Von einem Freund bekommt Wlada Kolosowa eine Kiste mit alten Briefen. Sie sind von seinem Urgroßvater und auf russisch verfasst. Wlada soll sie übersetzen und findet sich plötzlich mitten in einer 100 Jahren alten Liebesgeschichte wieder.

Ben weiß nur zwei Sachen über seinen Urgroßvater: er ist aus Russland nach New York geflohen und er war kein glücklicher Mann. Vielleicht erhofft er sich mehr Informationen als er Wlada Kolosowa die Kiste mit den alten Briefen überreicht. In der Kiste sind die Briefe seiner ersten großen Liebe. Und weil Wlada gebürtige Russin ist, bittet er sie, die Briefe für ihn zu übersetzen.
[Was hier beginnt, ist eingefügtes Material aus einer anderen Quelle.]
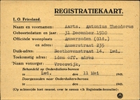 Onderduikinschrijving van Antonius Theodorus Aarts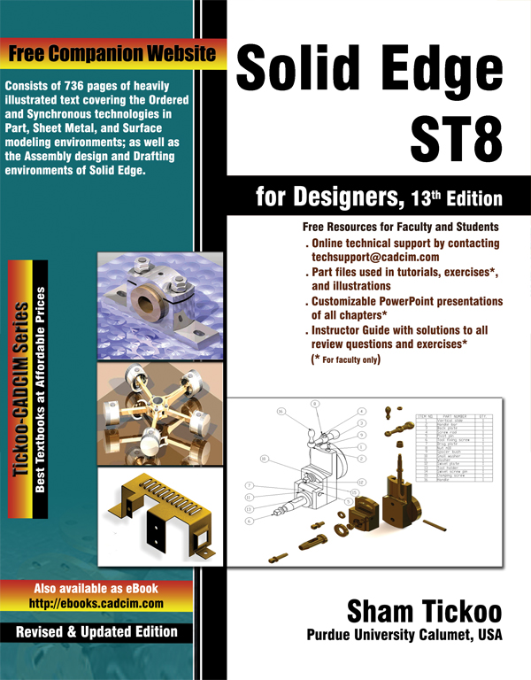 Solid Edge ST8 for Designers textbook introduces the readers to Solid Edge ST8, which is one of the world's leading parametric solid modeling packages. This book consists of 15 chapters structured in a pedagogical sequence, covering the Part, Assembly, Drafting and Sheet Metal environments of Solid Edge ST8. Both Synchronous and Ordered environments are discussed throughout this book. In this textbook, the 3D Sketching is also discussed in both Synchronous and Ordered environments. It combines the speed and flexibility of modeling with precise control of dimension driven design, thereby generating tremendous productivity gains over traditional methods. Additionally, in this textbook, the author emphasizes on the solid modeling and editing techniques that enhance the productivity and efficiency of the users. Every chapter begins with a tools section that provides a brief information of the Solid Edge tools. Each chapter provides you with tutorials that are created using the commands discussed in the chapter. This approach allows the user to use this book initially as a learning tool and then as a reference material.

Der erste Brief ist von 1906, der letzte Brief von 1925. Zwischen 1915 und 1925 gibt es allerdings keine Briefe. Weder von Jakov*, Bens Urgroßvater, noch von seiner großen Liebe Raisa*. Was dazwischen passiert ist? Wlada hat keine Ahnung, aber vielleicht findet sich ja die Antwort in den Briefen?

"Liebe Raisa,
Du wirst vermutlich sehr überrascht über diesen Brief sein. Zehn Jahre sind ohne ein Wort vergangen. Das Schicksal hat uns getrennt. Aber die Bilder der vergangenen Tage können nie aus meiner Erinnerung geglättet werden."
Der erste Brief von Jakov an seine große Liebe am 25. April 1925

Was Wlada da zu lesen bekommt, ist die Geschichte einer verpassten Liebe in Briefform. Es ist fast so schmerzlich als würde sie das selbst erleben. Und Wlada kommt ins Grübeln. Wie schlimm das wäre, wenn man heute einen Streit nur per Brief klären könnte. Keine schnellen Nachrichten von Handy zu Handy. Keine Wortwechsel, kein Schlagabtausch. Stattdessen zähes Warten auf den nächsten Brief und stilles einsames Leiden.

Wie lange Jakov und Raisa gelitten haben, erzählen die Briefe. Ein bisschen zumindest.

Das Buch von Wlada Kolosowa
© kailash Verlag
Wlada Kolosowa hat ein Buch über all die Liebesgeschichten geschrieben, die ihr auf ihren Reisen begegnet sind.